For the new golf century, Alan Tait warbles Tiger Woods’ tale


Nick Rodger Nick Rodger

Did you know that Tiger Woods once played with Alan Tait? But you knew that, of course. The story of Tait’s Tiger is so well known in local circles that it really should be displayed in the British Golf Museum in its own display case.

In preparation for the 1995 Scottish Open at Carnoustie, just a reminder for those of you who don’t know – and there are undoubtedly village elders of a remote tribe in Sarawak who know the story well – Tait played a practice round with Tiger.

Woods was in the U.S. then. Amateur champion, and superstar already. At the impressive Angus course, Tait was the course record holder, and his local experience and knowledge of contacts were much sought after by Woods.

As Tait recalled in countless glass-clinking after-dinner speeches, the rest is history. “The first time I told the story, I said the crowd around the first tee was about 1,000, but at last count I think it’s grown to about 20,000,” Tait said with a chuckle.

Tait, a great bundle of charm and a man so steeped in golf that you have to wring him out almost weekly, has maintained an unwavering passion for the game he adores in his 30-year professional career.

The 51-year-old has never been one to idly twiddle his thumbs with a multitasking skill once reserved for a Swiss Army knife.

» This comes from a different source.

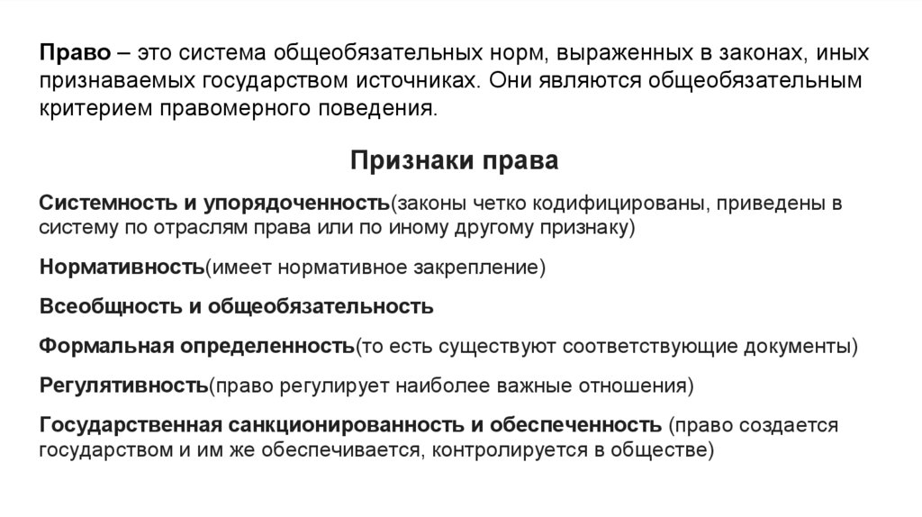 Право – это система общеобязательных норм, выраженных в законах, иныхпризнаваемых государством источниках. Они являются общеобязательным
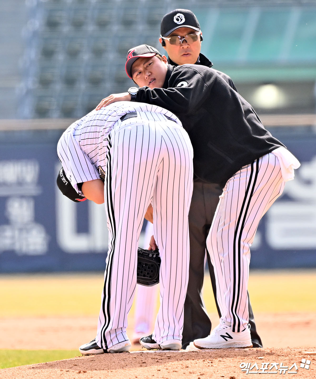 (엑스포츠뉴스 잠실, 김한준 기자) 23일 오후 서울 송파구 잠실야구장에서 열린 '2026 신한 SOL Bank KBO리그' 키움 히어로즈와 LG 트윈스의 시범경기, 7회초 무사 만루 LG 김진성이 키움 최주환의 타구에 맞은 후 고통스러워하고 있다.

He spreads the golf gospel at the grassroots level with the creative, instructional and entertaining GolPhin program in his current place. He said of the far-reaching junior program, “It’s a breath of fresh air,” I’ve held the position of golf director at different places for the past 20 years, and as much as I’ve enjoyed them, they’ve been pretty stressful. No matter what you did, you were always made fun of by people.

I enjoyed bringing something back into the game all the time. This article is about getting children excited about golf, but also helping clubs reinforce their junior divisions. It is really gratifying.

At a young age, Tait’s own golf education started and took him for a single, fleeting season as far as the European Tour. The learning experience in that hard knocks school, however, was a difficult one.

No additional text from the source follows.